Quella appena fatta dagli archeologi è ancor più sensazionale. Si tratta di una “tomba etrusca intatta risalente alla fine del VII sec. a.C. di genere femminile”, ci ha spiegato Carlo Casi, direttore del parco di Vulci. “Il corredo è composto da ornamenti personali in argento (anello digitale) e bronzo (un pendaglio, alcune fibule e ferma trecce), oltre a manufatti in bucchero (vasi per la mescita e il consumo del vino), impasto (contenitori per derrate alimentari) e in ceramica etrusco-corinzia (per olii profumati). Si segnalano pure un piccolo bacile in lamina di bronzo, rinvenuti a chiusura di una piccola olla, e alcuni elementi in ferro come una lama e parti di un piccolo oggetto di ornamenti”.

Ancora una scoperta di enorme portata quella appena fatta a Vulci, la città etrusca che dominava l’economia del Mediterraneo nel primo millennio avanti Cristo, molto prima di Roma.

Una tomba di 2600 anni fa

La tomba antica di 2600 anni era celata dietro una porta di tufo ancora ben sigillata e praticamente intatta. Lo stesso Casi ha estratto i blocchi di pietra a uno a uno con la cazzuola per svelare il tesoro che si nascondeva dietro da oltre due millenni.
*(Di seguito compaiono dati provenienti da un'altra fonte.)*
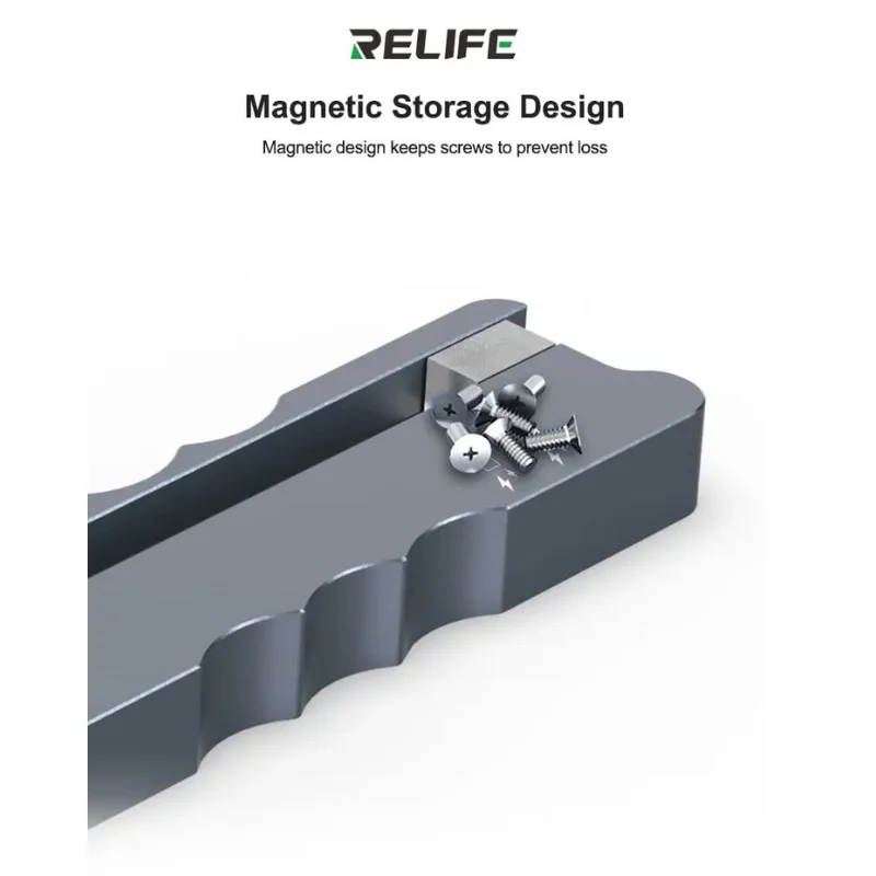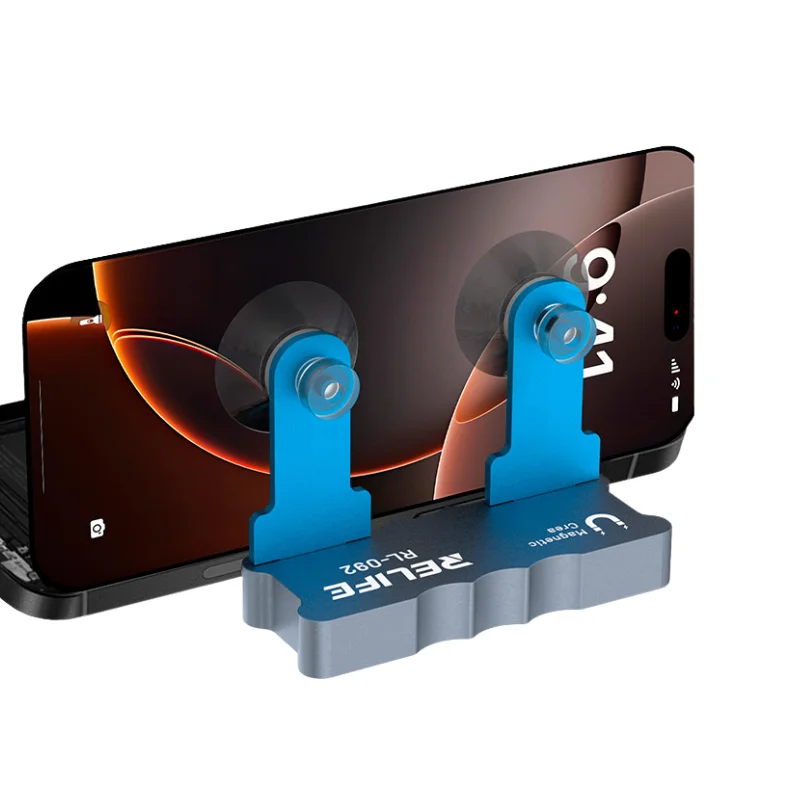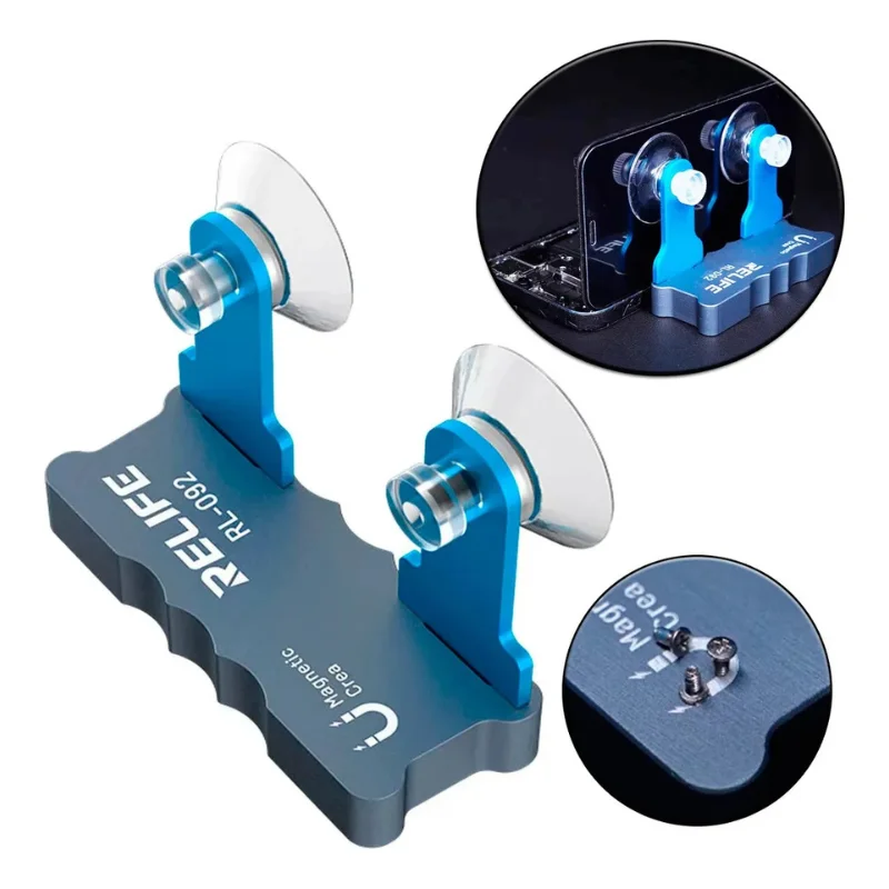 El soporte para reparación celular RELIFE con sujeción de pantalla está diseñado para sujetar de forma estable el equipo y la pantalla mientras el dispositivo se encuentra desarmado, facilitando tareas de diagnóstico, prueba y reparación. Permite mantener la pantalla sostenida y visible durante el trabajo, lo que resulta ideal para verificar funcionamiento, realizar mediciones, revisar flex y conectores, o continuar con la reparación sin riesgo de movimientos involuntarios. Su estructura brinda una base firme para el celular y un sistema de sujeción de pantalla que mejora la comodidad y la precisión del técnico, reduciendo el riesgo de daños durante el proceso. Herramienta pensada para uso general en taller, no limitada a una reparación específica, y especialmente útil en trabajos donde es necesario operar el equipo abierto.

Dentro, la sensazionale scoperta: una tomba ancora integra, così come era stata lasciata dai vulcesi secoli fa con tanto di corredo. Disposti in modo ordinato, quasi maniacale, sono stati rinvenuti nella tomba, oltre all’urna funeraria, anche alcuni vasi, delle brocche, piatti e bicchieri, ma anche ossa, forse di un animale. Gli studi che seguiranno daranno maggiori spiegazioni ai ritrovamenti appena fatti.

Ma ciò che stupisce ancor più di questa scoperta sono i contenitori porta profumi e gli unguentari di fattura etrusco-corinzia. Da qui il nome della tomba con cui sarà chiamata d’ora in avanti, “Tomba dei balsamari offerti“.

Il parco archeologico di Vulci

Il parco di Vulci, al confine tra Lazio e Toscana, il più grande dell’Etruria meridionale, è con i suoi 120 ettari circa. Tra le costruzioni di maggiore rilevanza, ci sono la cinta muraria con cinque porte di accesso, realizzata in blocchi di tufo; il Tempio Grande, risalente al IV secolo a.C., e restaurato in età imperiale; il Foro, risalente probabilmente al II secolo; la Domus del Criptoportico, un’area residenziale, risalente al II secolo a.C. che apparteneva a una famiglia nobile, come dimostrano le decorazioni dell’edificio e gli splendidi mosaici sul pavimento; un Mitreo, un santuario dedicato alla dea Mithra, risalente al III secolo; la Necropoli, dove si trovano la Tomba dei Soffitti, risalente al VII secolo a.C., la Tomba François, probabilmente la più celebre, il Tumulo della Cuccumella e la Tomba delle Iscrizioni.

Nell’ottobre del 2022, era avvenuta un’altra scoperta record: sono emersi degli scheletri ben conservati risalenti a circa 2.900 anni fa. Il parco è aperto tutto l’anno. I visitatori possono ammirare gli scavi archeologici dell’antica metropoli etrusco-romana di Vulci, le nobili tombe etrusche, i reperti esposti nel Museo nazionale archeologico, il tutto immerso in una natura quasi incontaminata.

Per visitare il parco ci sono diversi percorsi segnalati: il percorso breve (lungo 2 chilometri e mezzo), il percorso completo (4,5 km) e il percorso natura 1,7 km), che consentono di visitare gli scavi archeologici della città etrusco-romana senza perdere il Laghetto del Pellicone, tappa obbligata di ogni percorso, che è stato usato anche come set della la fiction “Il nome della rosa”, tratta dall’omonimo romanzo di Umberto Eco.

Per gli amanti della natura, da non perdere è la Valle delle Farfalle, il percorso nei pressi della Porta Nord, dove attraverso la creazione di “isole” che ospitano piante utili ad attrarre i piccoli imenotteri e pannelli didattici, gli appassionati – e non solo – potranno approfondire il tema. Si può visitare in autonomia, tutti i giorni nell’orario di apertura del parco, anche la necropoli settentrionale dove, seguendo un percorso accessibile anche a persone con ridotta capacità motoria, si possono visitare la Tomba dei Soffitti Intagliati e la Tomba della Sfinge.